Re: Proposed fixed version of N-Triples https://www.w3.org/TR/n-triples/ Section 7 from Jan Wielemaker on 2017-07-03 (public-rdf-comments@w3.org from July 2017)

From: Jan Wielemaker <J.Wielemaker@vu.nl>
Date: Mon, 3 Jul 2017 16:24:17 +0200
To: Richard Cyganiak <richard@cyganiak.de>, Wouter Beek <wouter@triply.cc>
CC: Gregg Kellogg <gregg@greggkellogg.net>, Dan Brickley <danbri@google.com>, Ivan Herman <ivan@w3.org>, public-rdf-comments Comments <public-rdf-comments@w3.org>, "Peter F. Patel-Schneider" <pfpschneider@gmail.com>
Message-ID: <560f2baa-bb10-4884-92b9-c35b0e9287a6@vu.nl>

On 07/03/2017 04:08 PM, Richard Cyganiak wrote:
>
>> On 3 Jul 2017, at 14:54, Wouter Beek <wouter@triply.cc
>> <mailto:wouter@triply.cc>> wrote:
>>
>> Hi Richard, others,
>>
>>     The N-Triples document defines two languages: “N-Triples” and
>>     “Canonical N-Triples”. The latter requires a single space between
>>     RDF terms and does not permit comments, and is reasonably
>>     well-suited to processing with line-based text tools. Producers
>>     are encouraged to produce Canonical N-Triples.
>>
>>
>> True, but for a data consumer it is not possible to determine whether
>> a document is formatted in canonical or in non-canonical N-Triples
>> (except by fully parsing the document).
>
> Yes. To find out whether a document is formatted in some language it is
> necessary to fully parse the document. That’s true of every language.

Not really. Actually, there have been nice competitions for writing
programs that are valid syntax in multiple languages. If they do not
have the same semantics you'd rather know what language it was meant to
be.

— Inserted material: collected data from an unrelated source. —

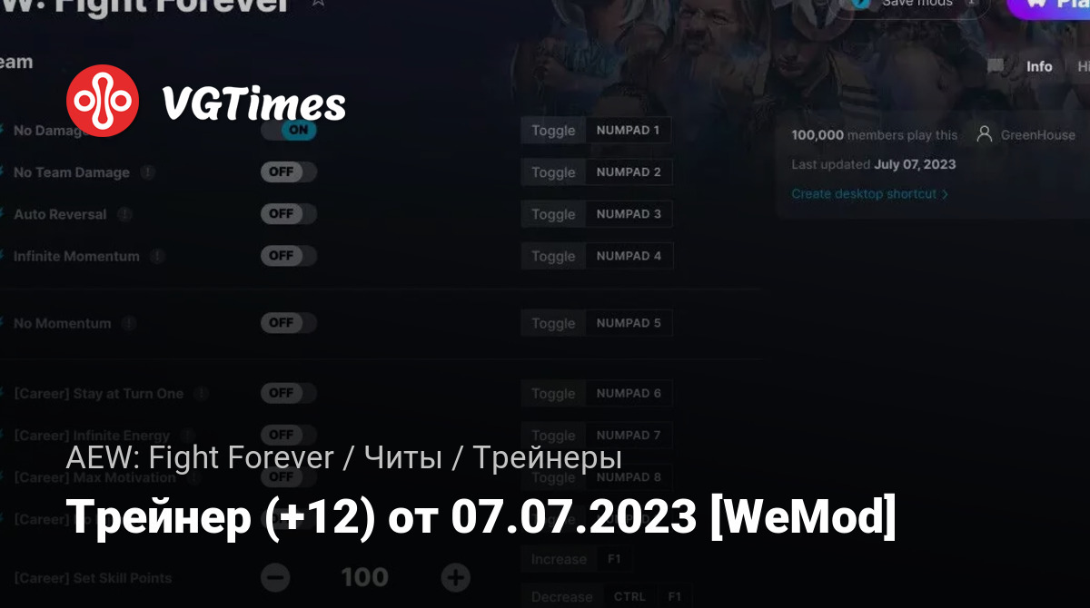 Для использования трейнера необходима установка системы WeMod (требуется онлайн подключение).
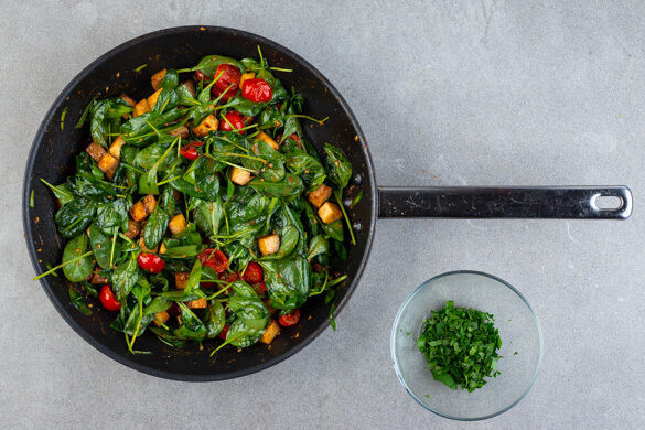 Nebenher die Tomaten halbieren und mit dem Spinat zum Tofu in die Pfanne geben. 3EL Wasser und das übrige Brühgewürz unterrühren und das Gemüse abgedeckt 5–6Min. garen, bis die Tomaten weich sind. Die Petersilie samt Stängeln fein hacken.
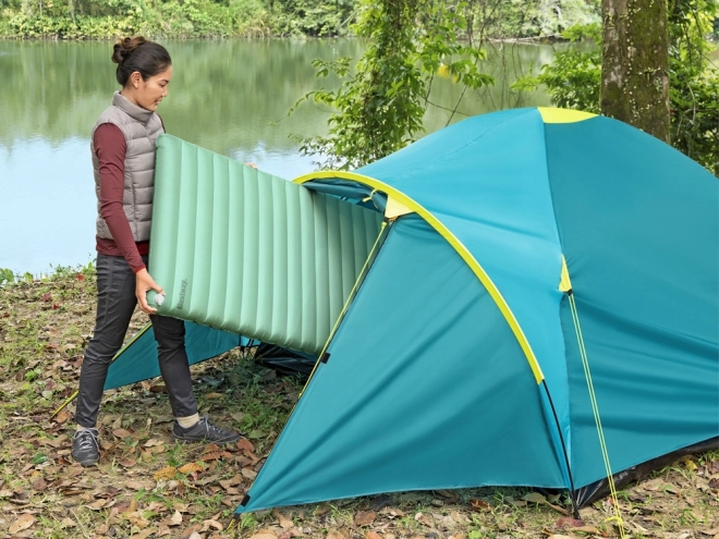 Materac jest lekki i łatwy do złożenia, więc możesz mieć go zawsze pod ręką. Po złożeniu nie zajmuje dużo miejsca, co ułatwia jego transportowanie w dowolne miejsce.

If the language it is written in is declared somewhere (file
extension, media type, header declaration, etc.) you can process the
input according to that declaration.  True, you should normally check
that the document is indeed valid syntax and raise an error if this is
not the case.

>> Canonical and non-canonical N-Triples advertise the same Media Type in
>> HTTP Content-Type headers and have the same extension in file names.
>> It's nice when data publishers use the canonical N-Triples format, but
>> since the data consumer cannot anticipate that this is actually the
>> case, this does not make the situation easier for her in practice.
>
> My experience is exactly the opposite: When publishers and tools produce
> Canonical N-Triples, it makes my situation as a data consumer very much
> easier in practice, while in theory it doesn’t make a difference.

Good, but how do you even get a hint it may be canonical N-Triples?  I
guess because it is in the accompagnying docs?  So this is useful metadata
that should have been machine readable IMO.

 Cheers --- Jan

Received on Monday, 3 July 2017 14:24:53 UTC